Chairman of the Wisconsin Progressive Party
- In office 1934–1936

Member of the Wisconsin Senate from the 27th district
- In office April 9, 1935 – January 4, 1937
- Preceded by: Fred W. Zantow
- Succeeded by: Jess Miller

Member of the Wisconsin State Assembly from the Columbia County district
- In office January 3, 1927 – April 9, 1935
- Preceded by: Robert Caldwell
- Succeeded by: William F. Groves

Personal details
- Born: April 1, 1901 Cambria, Wisconsin, U.S.
- Died: March 28, 1961 (aged 59) Harris County, Texas, U.S.
- Spouse: Mary Allen Neal ​(m. 1924)​
- Children: 2, including Gena Rowlands
- Relatives: Nick Cassavetes (grandson) Alexandra Cassavetes (granddaughter) Zoe Cassavetes (granddaughter)
- Occupation: Politician

= Edwin Myrwyn Rowlands =

American politician (1901–1961)

Edwin Myrwyn Rowlands (April 1, 1901 – March 28, 1961) was a Welsh-American member of the Wisconsin State Assembly and the Wisconsin State Senate.

==Biography==
Edwin Rowlands was born on April 1, 1901 in Cambria, Wisconsin. The son of Emma (née Davies) and David Morris Rowlands, he had an elder brother named Morris.
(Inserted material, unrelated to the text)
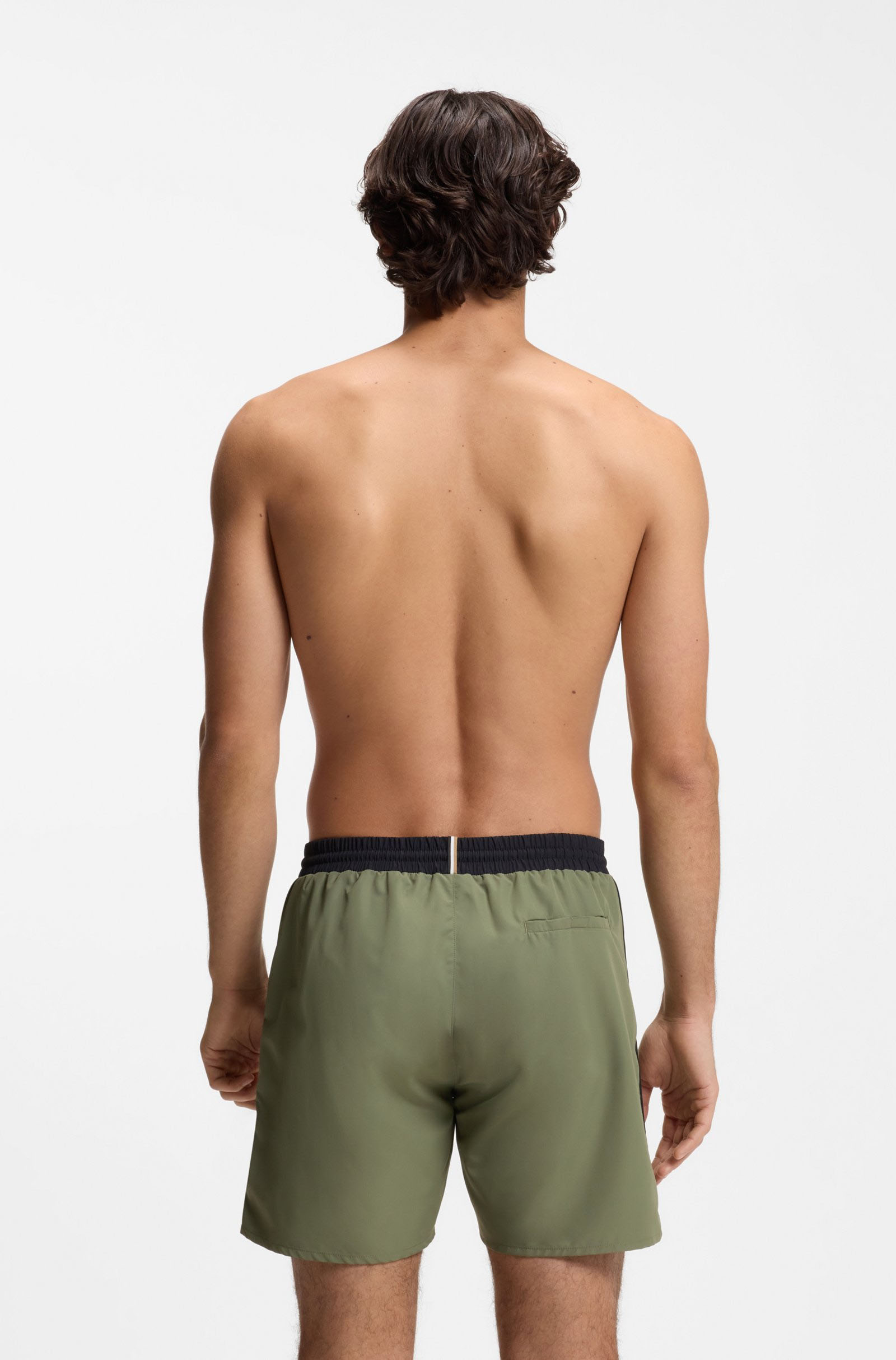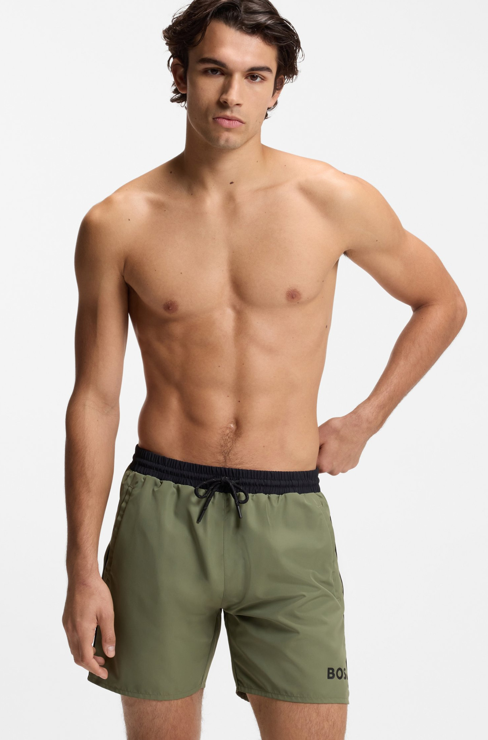 De zwembroek is effen van kleur en voorzien van het herkenbare BOSS-logo onderaan de linker pijp. Een subtiele bies langs de zijkant geeft de short een sportieve uitstraling. De zwembroek heeft een comfortabele tailleband met koordsluiting en een geïntegreerd binnenbroekje voor extra ondersteuning. Praktische steekzakken aan de zijkanten en een klein achterzakje bieden ruimte voor kleine items.

The Rowlands were of Welsh descent.

During his childhood he attended elementary school in Cambria, and later attended St. John's Northwestern Military Academy in Delafield, Wisconsin. After his graduation he attended Ripon College and the University of Wisconsin–Madison.

On September 10, 1924, in Arkansas, he married Mary Allen Neal, who became an actress in her later years, and was known as Lady Rowlands. They had two children: a son, David, and a daughter, Virginia, who is best known as the Emmy Award-winning and Academy Award-nominated actress Gena Rowlands.

Rowlands served in the Assembly from 1927 until April 1935, when he was elected to the Senate in an April 1935 in a special election. Rowlands served as a state senator until 1937 as he had unsuccessfully ran for the progressive nomination for State Treasurer against Solomon Levitan. He was also Chairman of the Wisconsin Progressive Party.

Edwin Myrwyn Rowlands died in 1961 in Harris County, Texas, aged 59.